А в то утро моей досаде не было предела. Уставившись на птичку и настроившись было уже услыхать «Здравствуй, мой маленький дружок!», я вдруг услышала что-то совершенно непонятное: «Внимание! Внимание! Работают все радиостанции Советского Союза и Центральное телевидение!» – Тут же в комнату влетает дед и, ни слова не говоря, поворачивает ручку до отказа. «Передаем сообщение ТАСС». Сквозь настежь открытые двери детской и кухни я вижу бабушку, которая начинает напряженно вытирать руки о старый передник. «Сегодня, двенадцатого апреля, тысяча девятьсот шестьдесят первого года…» Голос непривычно, слишком четко разделяет медленные слова, и это пугает, словно говорит не живой человек, а красный человек с плаката «Все силы – семилетке!», что висит на главной площади городка. И в то же время этот голос, совсем как у живого, звенит, звенит, взвиваясь все выше, и, кажется, только громадным усилием воли заставляет себя удержаться, не сорваться вверх и не улететь. В это время тяжелая дверь из сеней распахивается и заполошно влетает соседка; она замирает на пороге, голос говорит что-то еще, совсем немного, соседка кидается к бабушке, они целуются и плачут.
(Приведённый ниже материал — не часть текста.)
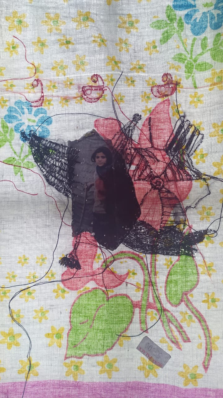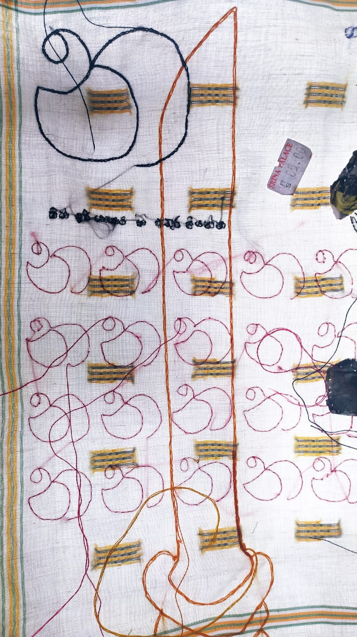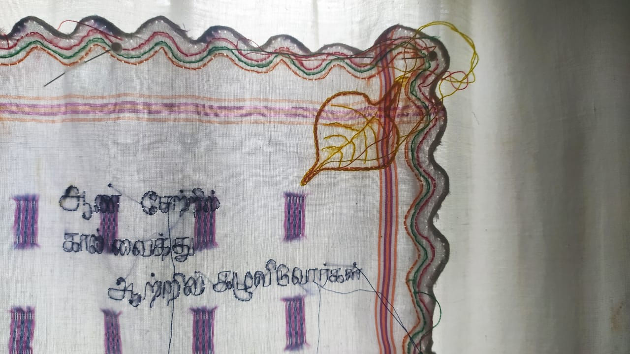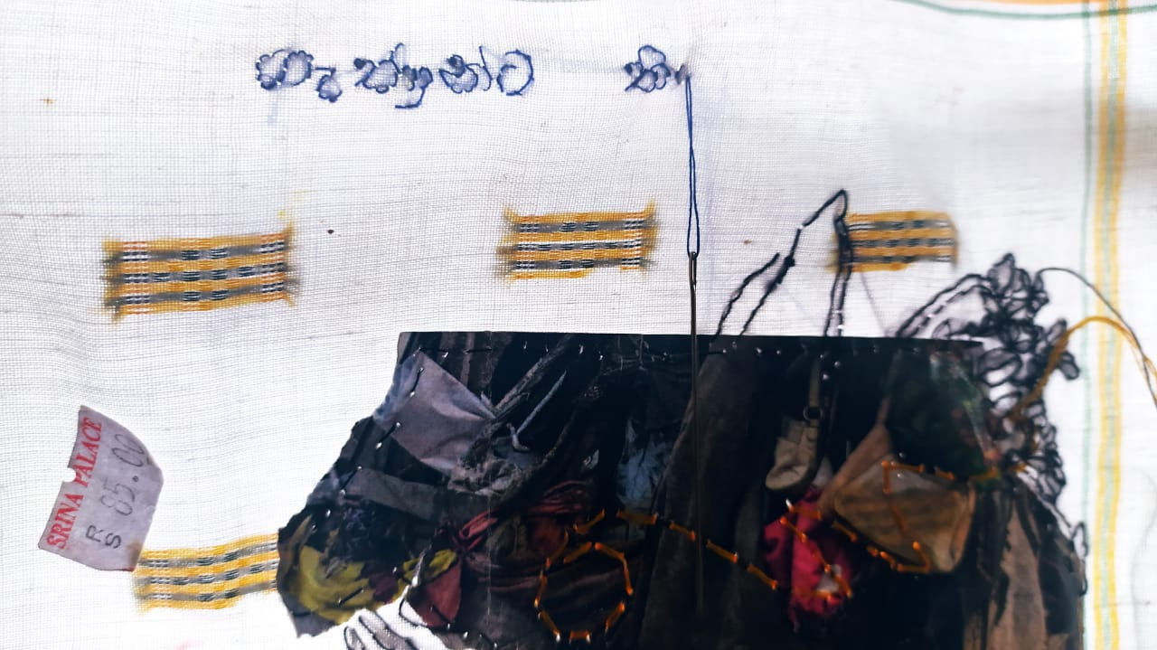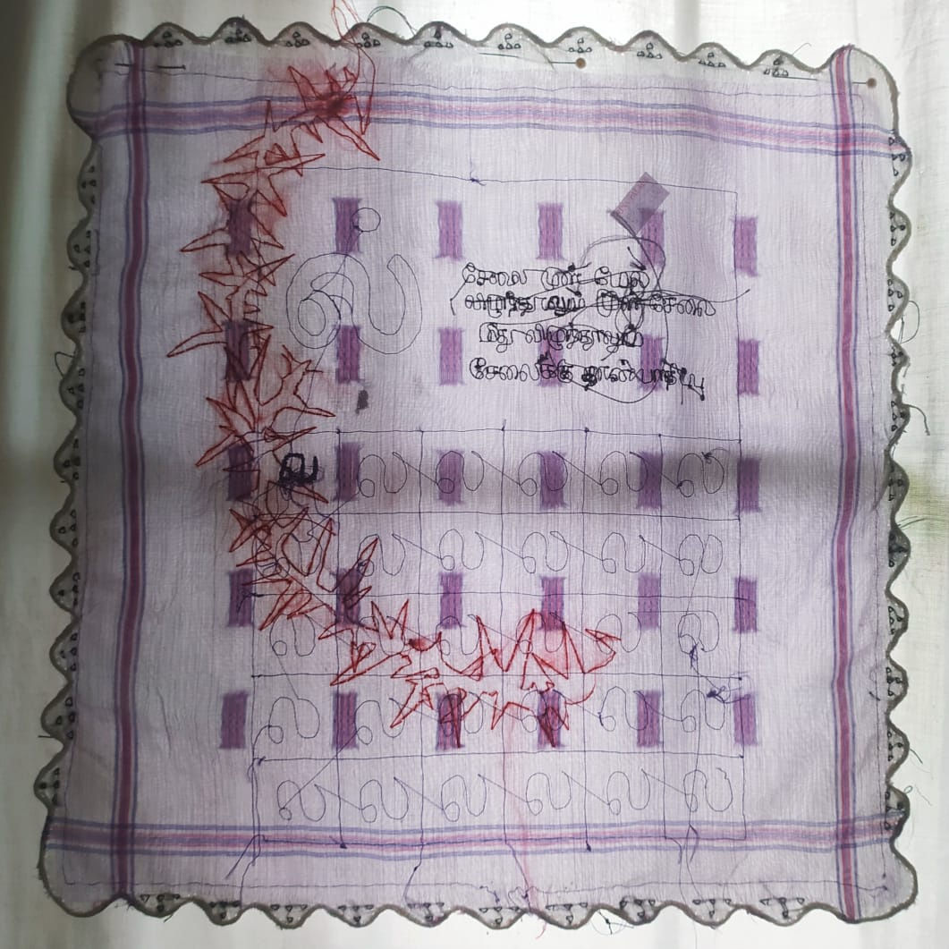 "The crafts produced and used by women from the past in the domestic interior are worth investigating to explain why women at various levels of society took up home crafts and their motives for doing in their life. At one level, it may have been artistic self-expression; at another level, the product of a commitment to household duty or financial necessity; on a third level, it may have been for entertainment or passing time, most of the time, the crafts were associated with women's lifestyle, these motivations seem to reflect recent past art forms too. The fields of art and crafts led to the difference between amateur women and professional men, especially, the equating of specific crafts women's work and homemaking. This gendering, visual sensibility women had developed was particularly directed towards their homes. Sabeen and I are more interested in the drive of craft in art through this collaboration. We were shared our opinions to build a path for the productions, interestingly, we both have an attachment with fabric to explore our emotions, while we discussed our practice got an idea from our personal use of the handkerchief, the use of them is slightly different from each of us but almost there are many memories are travelling through this small pieces of fabric. Used them as a messenger to carry the Relationship with grandmother, friends, family, schoolmates, loved ones and many others. I choose several handkerchiefs to develop the storylines and images that are more connected to my memory as a girl child, the verbal barriers used by my surrounding people to safeguard me from many situations. The meanings of the terms are raw and sometimes disgusting to hear, but they are passed from generation to generation. I collected some of them and shared them with Sabeen to improve as a visual language. Local terms are used as a cultural tool for driving a girl. I stitched and decorated them with visual meaning in the teaching and learning format of the alphabet to create a collective story as a reaction.
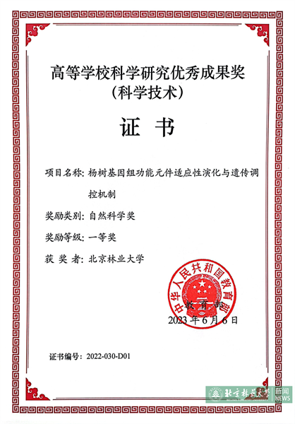 生物学院张德强教授团队完成的“杨树基因组功能元件适应性演化与遗传调控机制”获自然科学奖一等奖。该成果以我国重要乡土树种毛白杨与小叶杨全国种质资源群体为材料,率先揭示了杨树种源适应性驱动下的基因组演化开发了一系列环境适应性选择元件与功能模块,为杨树“优质、高抗、广适”分子设计育种技术体系开发与优良种质定向选育奠定了关键理论基础与技术支撑。
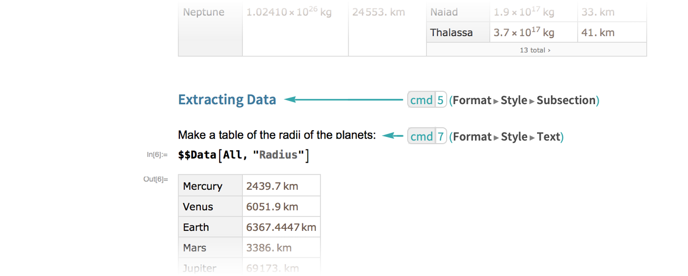 , or Format ▶ Style ▶ Text) and structure the examples with Subsection cells (
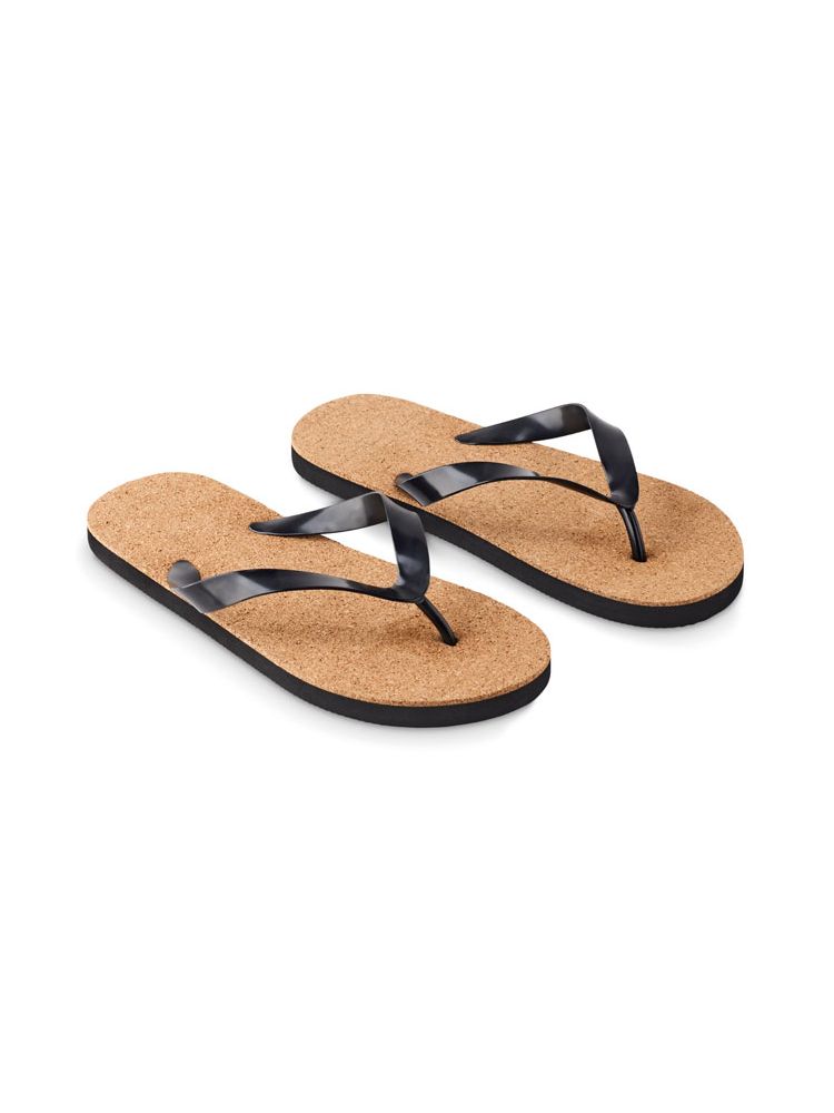 Kapcie plażowe z podeszwą z korka i EVA oraz paskami z PVC. rozmiar M pasuje na 36-39. Korek jest materiałem w 100% naturalnym. Ze względu na jego strukturę i porowatość powierzchni ostateczny wygląd nadruku na każdym artykule może się różnić.
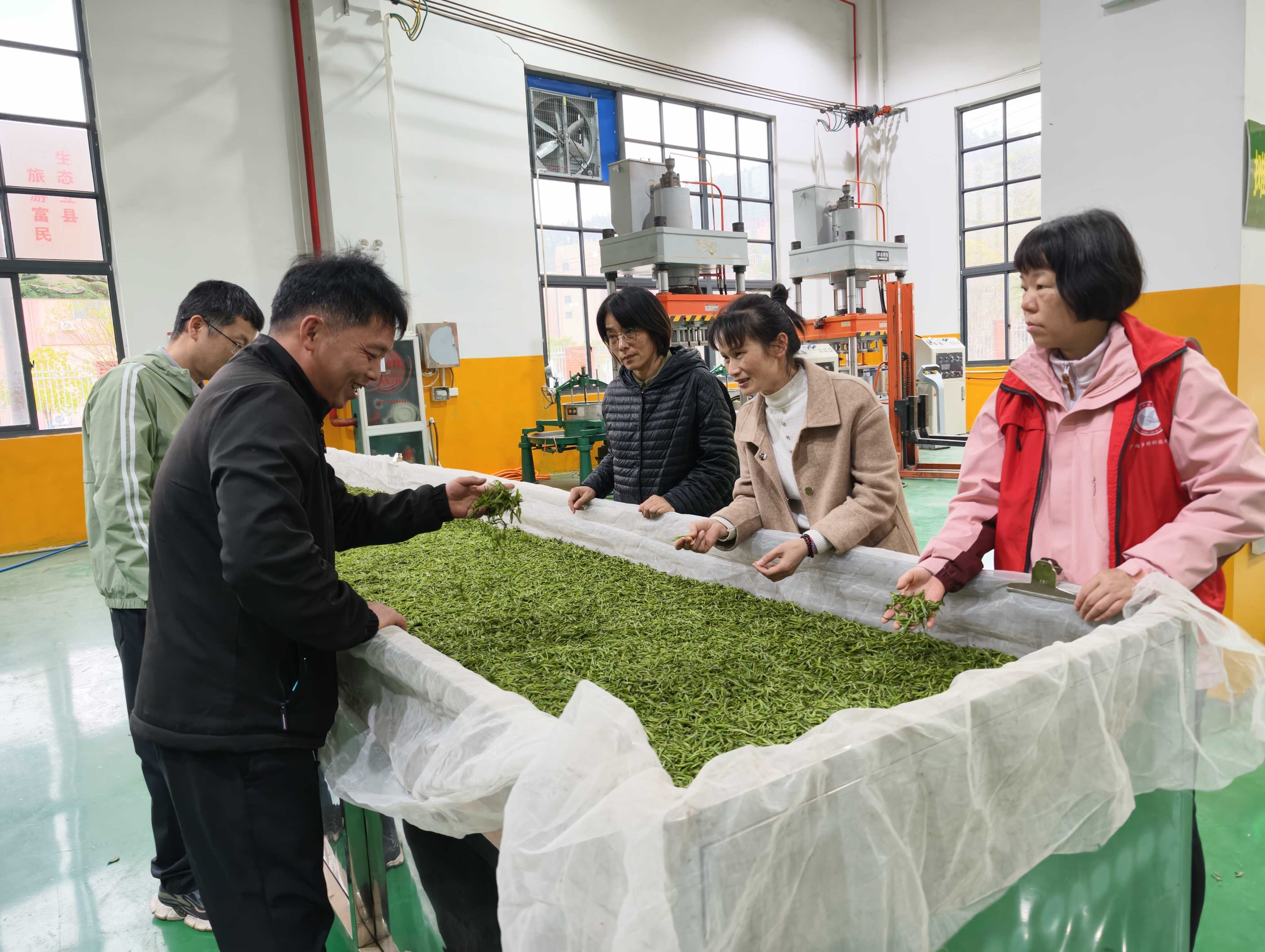 团队成员与三江县茶产业管理中心、茶叶协会代表开展座谈交流,建议围绕三江早春茶特色,持续完善从茶园到茶杯的全链条标准体系,引导茶农、茶企严格执行绿色、有机栽培管理和标准化加工规程,加大绿色防控技术应用,利用电商平台,拓展多元营销渠道。
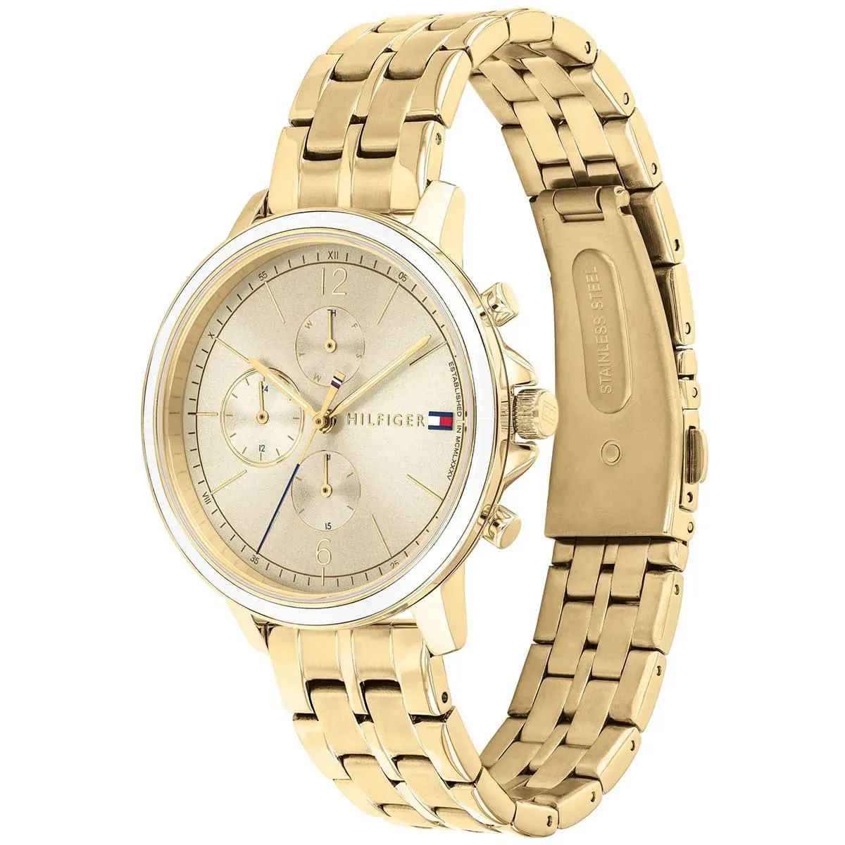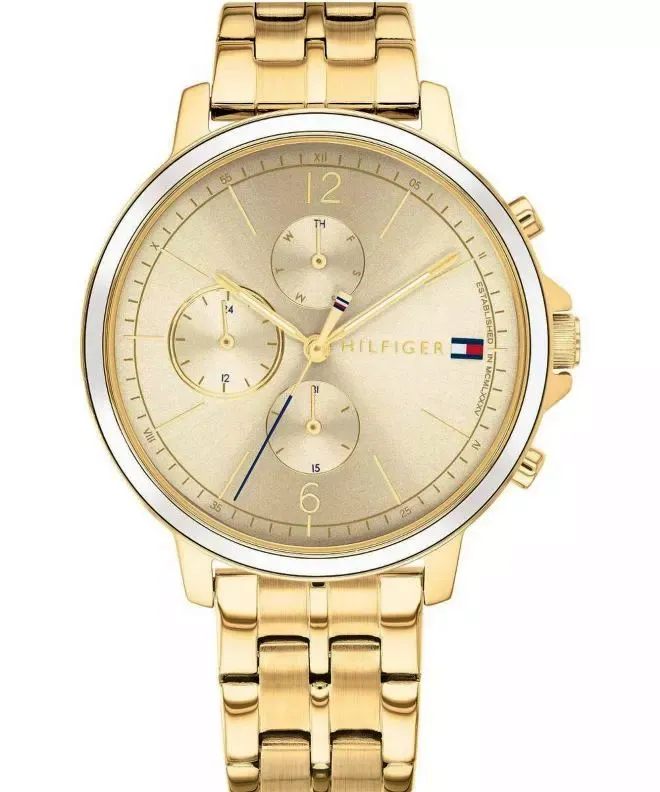 Zegarek został wyposażony w mechanizm kwarcowy, szkło mineralne oraz multifunkcyjną tarczę z datownikiem, wskazaniem dnia tygodnia i czasu 24-godzinnego. Koperta o szerokości 38 mm zachowuje wygodne proporcje, a wodoszczelność 30 metrów zwiększa praktyczność użytkowania. To dobry wybór dla osób, które szukają damskiego zegarka Tommy Hilfiger na złotej bransolecie, w jednolitym kolorystycznie wydaniu.
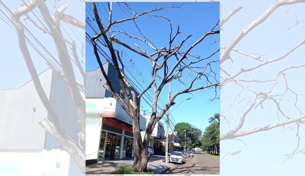 Mais uma árvore seca na cidade árvore, onde não é incomum o envenenamento com produtos químicos
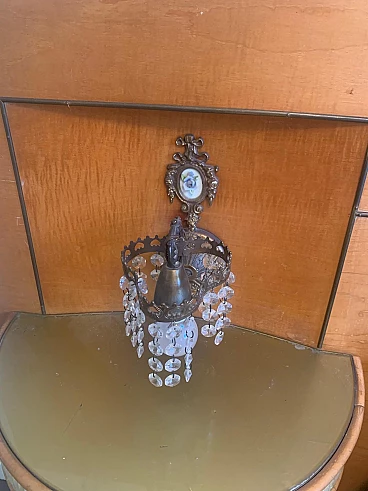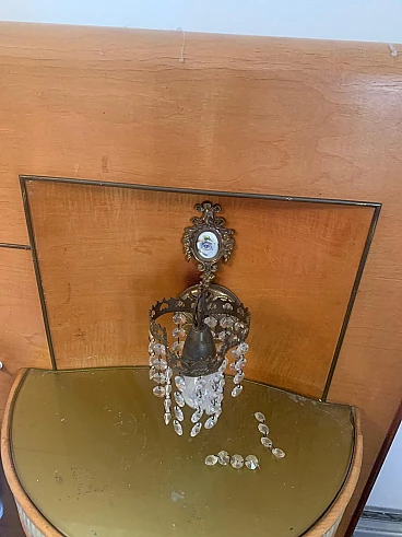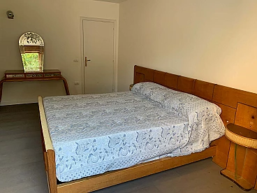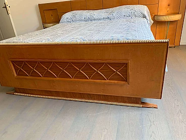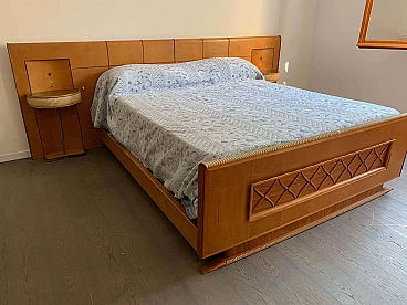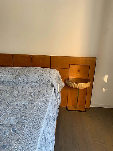 Art Deco bed with hanging nightstands and lamps, 1930s
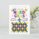 Mardi Gras Karneval Feiertag Einladung. Mardi Gras Karneval Design mit festem Harlequin geometrischer Diamant, Rhombus Arrangement Muster, Lilie, Dekorative Elemente, Grün, Gelb, Lila Farbe, Masquerade Festival Dekoration. Funny Carnival Masquerade New Orlean Modern Art for Invitations & Stationery > Einladungen & Ankündigungen. Diese Festiveinladung mit Textvorlage, ist einfach mit Ihrem Text angepasst.
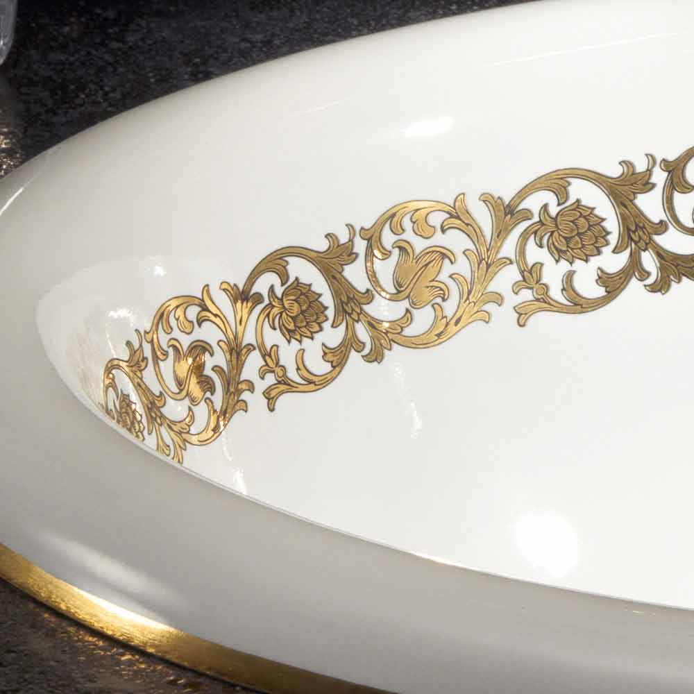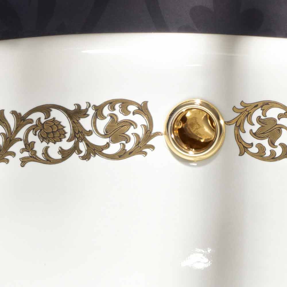 Umywalka do łazienki wykonana we Włoszech w glinie ogniowej, ręcznie wykonana, zdobiona, z paskiem w złotym sosnowym stożku i 24-karatowym złotym brzegiem.
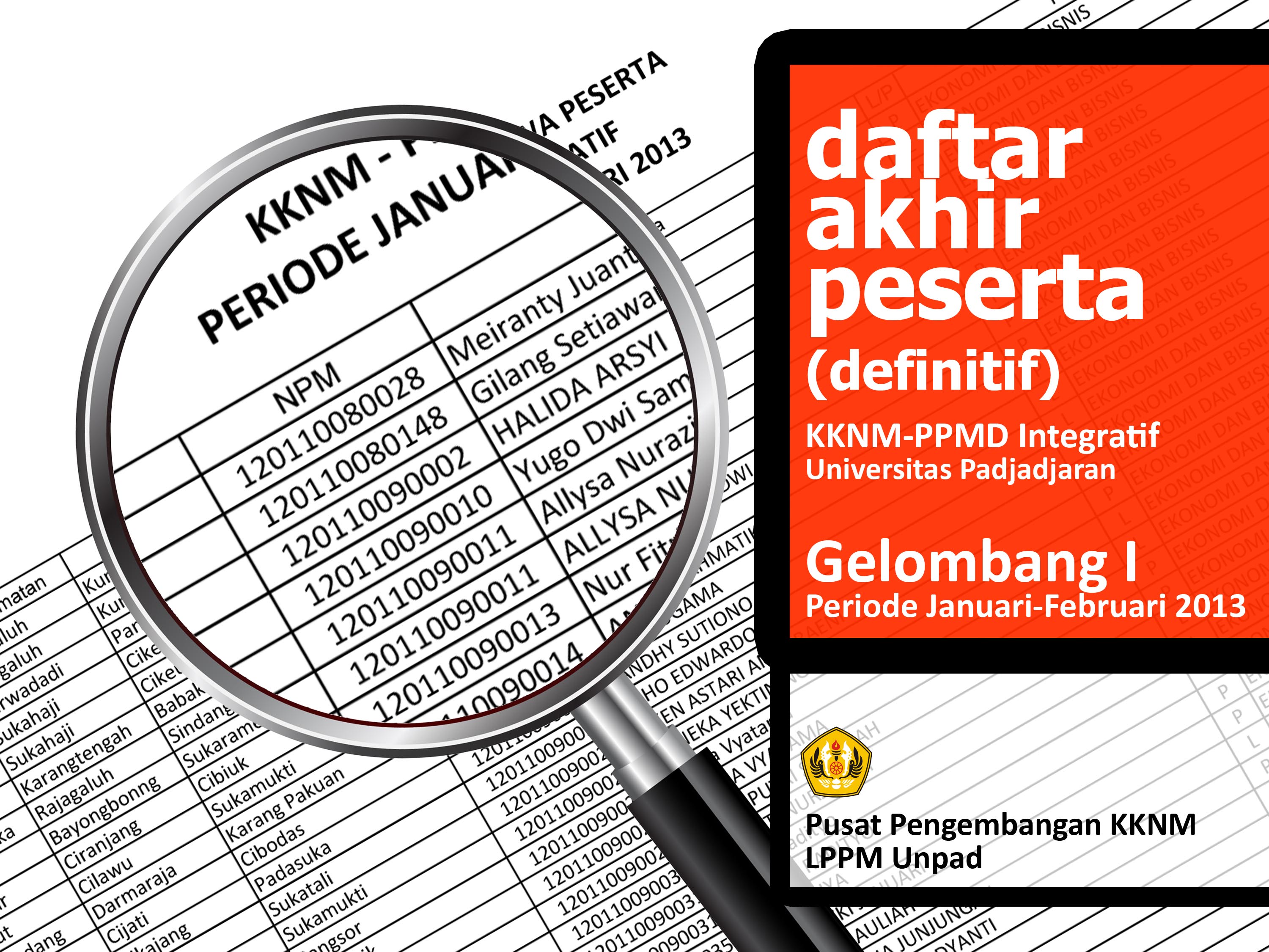 Pengumuman Daftar Akhir Peserta (Definitif) KKNM-PPMD Integratif Unpad Gelombang I Periode Januari-Februari 2013 marlia 2012-10-09 1 min read 2012-10-09 Share this: Baca 1 menit Daftar Akhir Peserta (Definitif) KKNM-PPMD Integratif Unpad Gelombang I Periode Januari-Februari 2013 1981 views Share this:

Мой дед смущенно бормочет что-то вроде: «Погодите, еще не приземлился, мало ли что… Вот приземлится – тогда…» Соседка тарахтит: «А я-то думала – война, вечно ведь неспокойно, ну, думаю, война, война же – да и к вам бегу, а тут…»
Вот тебе и детская передача. Я слезаю с кровати и нехотя надеваю малышовый лифчик, пристегиваю к нему нитяные чулочки…
Появляется наша квартирантка, студентка; она взбудораженно говорит: вот, мол, она же еще вчера доказывала, что скоро закончится «собачья эпопея»!., но все равно не верится!..
Признаюсь, к своему стыду, что тогда я не могла взять в толк, почему все так безумно рады, что в космос полетели уже не Белка и Стрелка, а некий взрослый человек. Какая разница?.. Наверное, я так недоумевала потому, что ведь в детстве собака – это вполне человек, к тому же, по телевизору игрушечные собачки делали что угодно. И торжественная многозначительность взрослых, их возбуждение меня чуточку злили, как это бывает, коль скоро мы чего-то не можем уразуметь. Родители мои были на работе, а старики объяснять не умели, да и некогда им было. Дед вывесил над крыльцом красный флаг, и другие хозяева домов тоже вывесили флаги. А в центре городка, который тогда назывался просто железнодорожной станцией, стены деревянных магазинчиков, еще долго оставались исписаны мелом и разноцветными красками: «Юра!!!», «Да здравствует Гагарин!!!», «Ура!!!»